Importing the necessary libraries for this tutorial:
library(openintro)
library(dplyr)
library(ggplot2)
library(e1071)
Sometimes, we have to deal with data that don´t have a normal shape but a skewed one. By the book, a negative skewness reveals that the mean of the values is less than the median, which means that the data distribution is left-skewed. A positive skewness suggests that the mean of the data values is larger than the median, and the data distribution is right-skewed. For example, let´s consider the histogram of BodyWt and BodyWt variables from the mammals dataset.
ggplot(data = mammals, aes(BodyWt)) + geom_histogram()
ggplot(data = mammals, aes(BrainWt)) + geom_histogram()
The histplot indicates that both variable are right-skewed.

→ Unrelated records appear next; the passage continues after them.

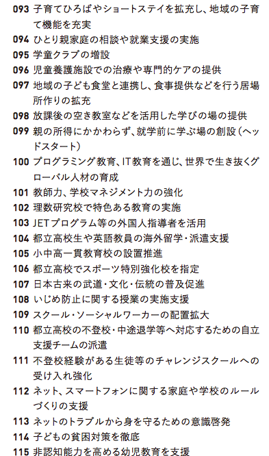 ・保育士処遇改善、病児保育、障害児保育、子どもの貧困等、言葉すら出てこず、あまりにカバーしていないテーマが多すぎます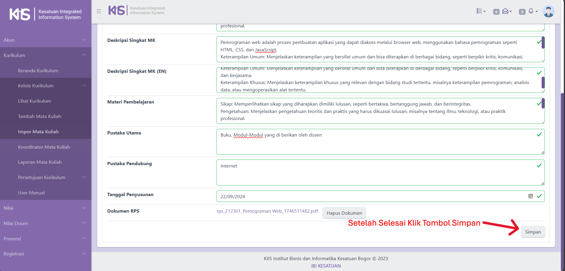 Selesai Mengisi RPS, Kaprodi klik button Simpan.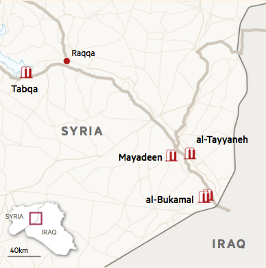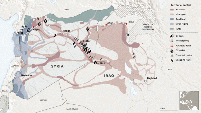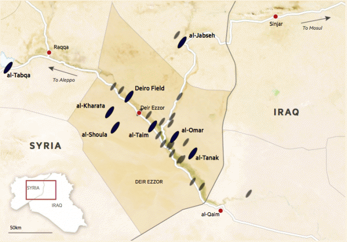 Основной нефтедобывающий регион ИГИЛ находится в восточной провинции Сирии Дейр эз-Зор, где добывается от 34000 до 40000 баррелей в день, по словам местных жителей. Террористическая группировка также контролирует месторождение Кайяра около Мосула на севере Ирака, производящее около 8000 баррелей в день более тяжелой нефти, в основном используемой на месте для изготовления асфальта.

We can check using the function skewness from the e1071 library.
skewness(mammals$BodyWt)
## [1] 6.249429
skewness(mammals$BrainWt)
## [1] 4.828829
Here are some hints:
Skewed data have a negative impact on linear regression. For example, if we take the scatter-plot of BodyWt and BrainWt we will see something very odd.

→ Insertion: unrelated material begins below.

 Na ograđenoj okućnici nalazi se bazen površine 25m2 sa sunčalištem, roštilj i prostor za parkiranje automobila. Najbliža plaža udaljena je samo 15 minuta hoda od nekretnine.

ggplot(mammals, aes(BodyWt, BrainWt)) + geom_point()
Sometimes there really is no meaningful relationship between the two variables. However, in many situations a simple transformation of one or both of the variables can disclose a clear relationship.

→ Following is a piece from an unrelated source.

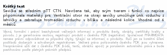 Savička se středním pTT CTN. Navržena tak, aby svým tvarem i funkcí co nejvíce připomínala mateřský prs. Ventilační otvor na okraji savičky umožňuje únik vzduchu z lahvičky a zabraňuje hromadění vzduchu v bříšku a následné kolice. Vhodné od 6 měsíců.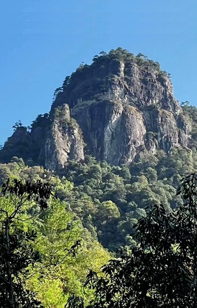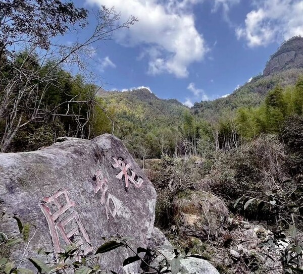 車行了20來分鐘到老君岩峰腳下,高高的老君岩象太上老君一樣,慈善地立在那裡,靜靜地看着人間。我們順着林中小徑,約行了半個小時,走到半山附近。這裡海拔在800米左右,森林密布,竹木蔥鬱,溪澗縱橫,岩石兀立,茶葉野生一叢叢在其中,一大片,放眼過去,約莫有數千平方米面積。也有一些老君眉茶灌木或小喬木型茶樹,都是數十上百年的老樅。旁邊大岩石壁上寫着“老君眉”三個大字,這是早年間老雷設立的基地標誌。

ggplot2 provides the scale_x_log10() and scale_y_log10() functions perform a base-10 log transformation of each axis.
# Scatterplot with scale_x_log10() and scale_y_log10()
ggplot(data = mammals, aes(x = BodyWt, y = BrainWt)) +
geom_point() +
scale_x_log10() + scale_y_log10()
Let’s create a linear regression model to predict BrainWt based on the BodyWt using the raw values from the dataset.
lm.model = lm(BrainWt ~ BodyWt, data = mammals)
Now, let’s take a look into the summary:
summary(lm.model)
##
## Call:
## lm(formula = BrainWt ~ BodyWt, data = mammals)
##
## Residuals:
## Min 1Q Median 3Q Max
## -810.07 -88.52 -79.64 -13.02 2050.33
##
## Coefficients:
## Estimate Std. Error t value Pr(>|t|)
## (Intercept) 91.00440 43.55258 2.09 0.0409 *
## BodyWt 0.96650 0.04766 20.28 <2e-16 ***
## ---
## Signif. codes: 0 '***' 0.001 '**' 0.01 '*' 0.05 '.' 0.1 ' ' 1
##
## Residual standard error: 334.7 on 60 degrees of freedom
## Multiple R-squared: 0.8727, Adjusted R-squared: 0.8705
## F-statistic: 411.2 on 1 and 60 DF, p-value: < 2.2e-16
Notice how the residual standard error is too high: 334.7.
Maybe a log-transformation in the values might help us to improve the model. For that, we will use the log1p function, which, by default, computes the natural logarithm of a given number or set of numbers.
lm_log.model = lm(log1p(BrainWt) ~ log1p(BodyWt), data = mammals)
Now, let’s take a look into the summary:
summary(lm_log.model)
##
## Call:
## lm(formula = log1p(BrainWt) ~ log1p(BodyWt), data = mammals)
##
## Residuals:
## Min 1Q Median 3Q Max
## -1.27379 -0.57842 -0.04617 0.40597 2.05871
##
## Coefficients:
## Estimate Std. Error t value Pr(>|t|)
## (Intercept) 1.40033 0.14208 9.856 3.69e-14 ***
## log1p(BodyWt) 0.89959 0.04578 19.652 < 2e-16 ***
## ---
## Signif. codes: 0 '***' 0.001 '**' 0.01 '*' 0.05 '.' 0.1 ' ' 1
##
## Residual standard error: 0.7927 on 60 degrees of freedom
## Multiple R-squared: 0.8655, Adjusted R-squared: 0.8633
## F-statistic: 386.2 on 1 and 60 DF, p-value: < 2.2e-16
Our error decreased to 0.79. That’s really much better than our previous model.